**Task instructions:**
Using the material below, print a verbatim copy of every line from the one containing "同样,邢台市柏乡县的玉米收割" through the one containing "শরণখোলা (বাগেরহাট) প্রতিনিধি", inclusive, and omit the pictures.

**Provided data:**
^^^^^^^^
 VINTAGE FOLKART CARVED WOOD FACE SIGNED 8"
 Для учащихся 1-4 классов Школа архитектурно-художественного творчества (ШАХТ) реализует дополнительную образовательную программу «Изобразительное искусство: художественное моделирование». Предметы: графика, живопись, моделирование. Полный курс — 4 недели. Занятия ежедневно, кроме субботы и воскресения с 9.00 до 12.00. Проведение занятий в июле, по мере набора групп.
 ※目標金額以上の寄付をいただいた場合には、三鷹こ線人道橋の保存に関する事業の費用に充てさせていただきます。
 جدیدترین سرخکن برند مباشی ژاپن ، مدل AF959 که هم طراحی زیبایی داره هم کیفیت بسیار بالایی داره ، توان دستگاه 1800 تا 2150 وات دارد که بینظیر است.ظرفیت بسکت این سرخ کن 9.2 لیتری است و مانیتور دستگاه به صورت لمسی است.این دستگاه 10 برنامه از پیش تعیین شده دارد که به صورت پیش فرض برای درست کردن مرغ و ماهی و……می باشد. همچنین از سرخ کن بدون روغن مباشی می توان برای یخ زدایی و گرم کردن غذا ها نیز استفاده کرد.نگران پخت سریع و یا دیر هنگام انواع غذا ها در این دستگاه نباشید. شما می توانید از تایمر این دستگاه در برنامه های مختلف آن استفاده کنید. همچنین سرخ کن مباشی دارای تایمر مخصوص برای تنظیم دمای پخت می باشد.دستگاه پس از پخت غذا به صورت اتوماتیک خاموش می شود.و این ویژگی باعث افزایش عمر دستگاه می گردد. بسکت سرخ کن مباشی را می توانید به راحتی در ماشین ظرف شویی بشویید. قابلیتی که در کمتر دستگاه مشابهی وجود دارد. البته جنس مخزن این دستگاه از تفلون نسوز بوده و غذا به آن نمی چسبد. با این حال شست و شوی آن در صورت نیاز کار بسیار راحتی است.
^^^^^^^^
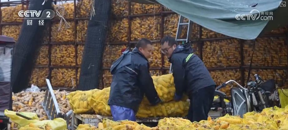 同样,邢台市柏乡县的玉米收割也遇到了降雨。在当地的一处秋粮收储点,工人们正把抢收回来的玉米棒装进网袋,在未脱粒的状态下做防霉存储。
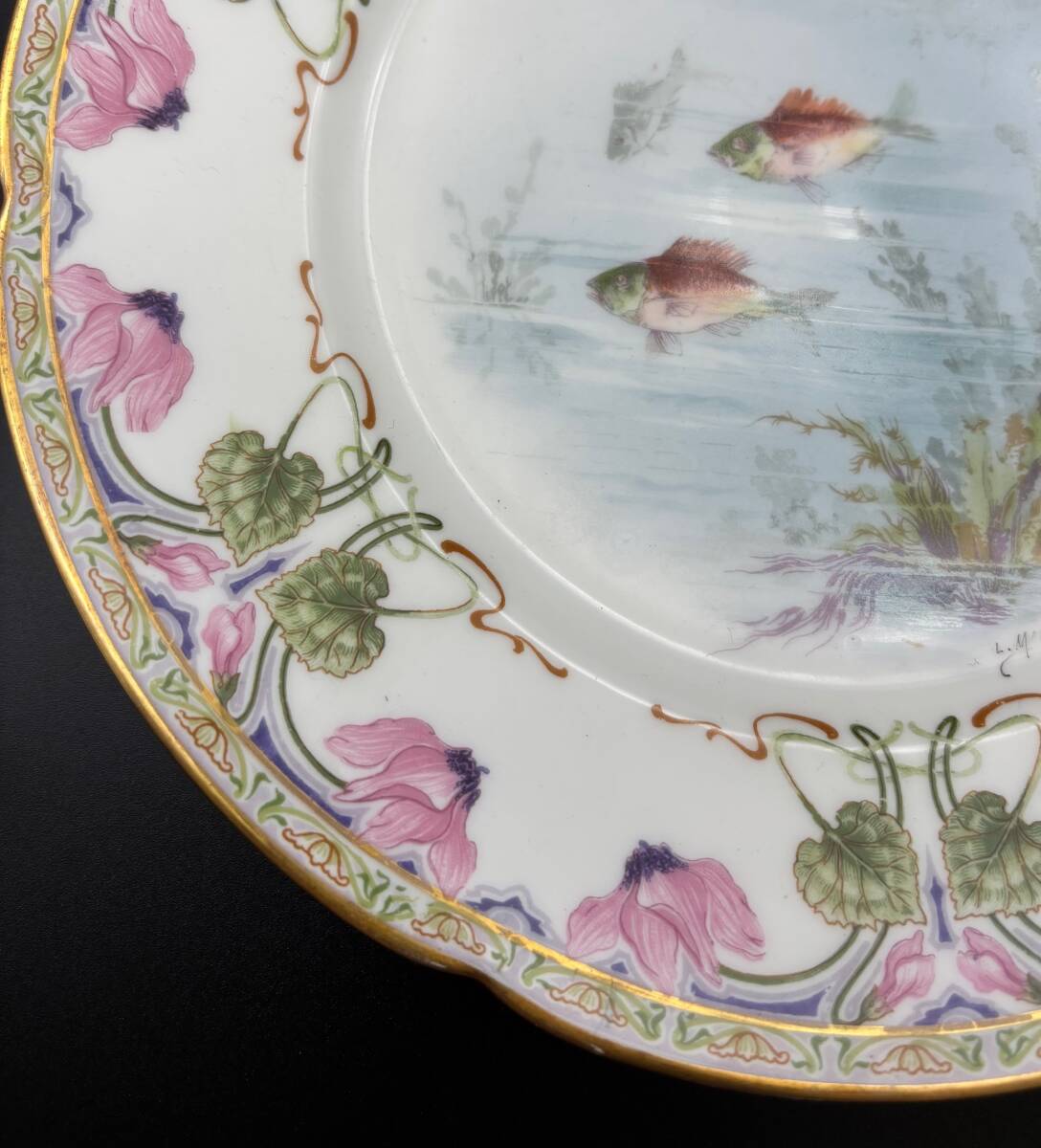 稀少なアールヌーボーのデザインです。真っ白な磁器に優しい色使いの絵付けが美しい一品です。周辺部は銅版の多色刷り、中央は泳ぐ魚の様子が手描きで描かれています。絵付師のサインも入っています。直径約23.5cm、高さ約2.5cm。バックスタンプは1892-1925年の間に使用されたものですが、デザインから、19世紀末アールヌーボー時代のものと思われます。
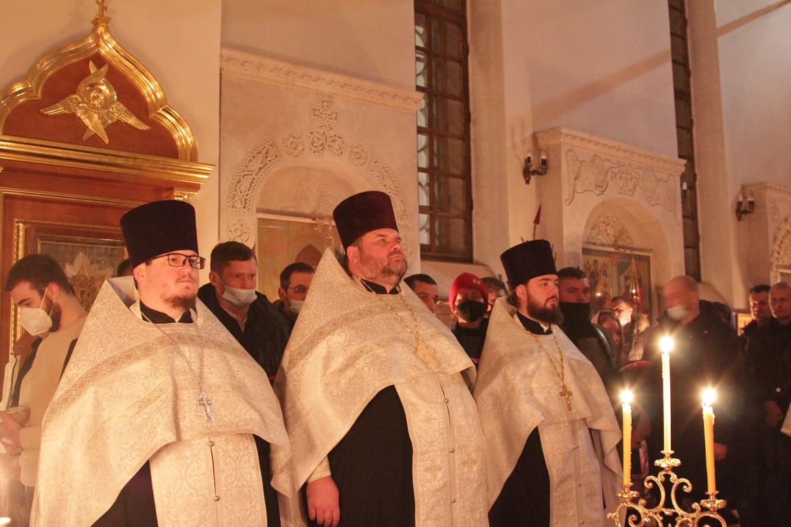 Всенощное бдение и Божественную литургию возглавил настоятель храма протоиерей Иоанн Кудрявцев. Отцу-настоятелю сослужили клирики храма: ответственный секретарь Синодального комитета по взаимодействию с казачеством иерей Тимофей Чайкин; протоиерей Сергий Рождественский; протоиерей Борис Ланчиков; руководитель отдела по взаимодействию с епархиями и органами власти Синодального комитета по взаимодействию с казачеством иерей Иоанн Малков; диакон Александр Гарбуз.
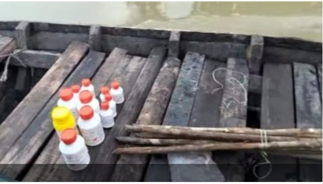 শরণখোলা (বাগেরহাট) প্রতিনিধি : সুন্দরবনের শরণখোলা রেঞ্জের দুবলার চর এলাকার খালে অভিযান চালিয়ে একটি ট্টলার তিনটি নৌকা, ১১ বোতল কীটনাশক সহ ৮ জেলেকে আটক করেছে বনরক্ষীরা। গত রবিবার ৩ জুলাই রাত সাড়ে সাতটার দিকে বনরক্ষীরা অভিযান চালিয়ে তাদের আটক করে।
^^^^^^^^
**Solution to the problem:**
 同样,邢台市柏乡县的玉米收割也遇到了降雨。在当地的一处秋粮收储点,工人们正把抢收回来的玉米棒装进网袋,在未脱粒的状态下做防霉存储。
 稀少なアールヌーボーのデザインです。真っ白な磁器に優しい色使いの絵付けが美しい一品です。周辺部は銅版の多色刷り、中央は泳ぐ魚の様子が手描きで描かれています。絵付師のサインも入っています。直径約23.5cm、高さ約2.5cm。バックスタンプは1892-1925年の間に使用されたものですが、デザインから、19世紀末アールヌーボー時代のものと思われます。
 Всенощное бдение и Божественную литургию возглавил настоятель храма протоиерей Иоанн Кудрявцев. Отцу-настоятелю сослужили клирики храма: ответственный секретарь Синодального комитета по взаимодействию с казачеством иерей Тимофей Чайкин; протоиерей Сергий Рождественский; протоиерей Борис Ланчиков; руководитель отдела по взаимодействию с епархиями и органами власти Синодального комитета по взаимодействию с казачеством иерей Иоанн Малков; диакон Александр Гарбуз.
 শরণখোলা (বাগেরহাট) প্রতিনিধি : সুন্দরবনের শরণখোলা রেঞ্জের দুবলার চর এলাকার খালে অভিযান চালিয়ে একটি ট্টলার তিনটি নৌকা, ১১ বোতল কীটনাশক সহ ৮ জেলেকে আটক করেছে বনরক্ষীরা। গত রবিবার ৩ জুলাই রাত সাড়ে সাতটার দিকে বনরক্ষীরা অভিযান চালিয়ে তাদের আটক করে।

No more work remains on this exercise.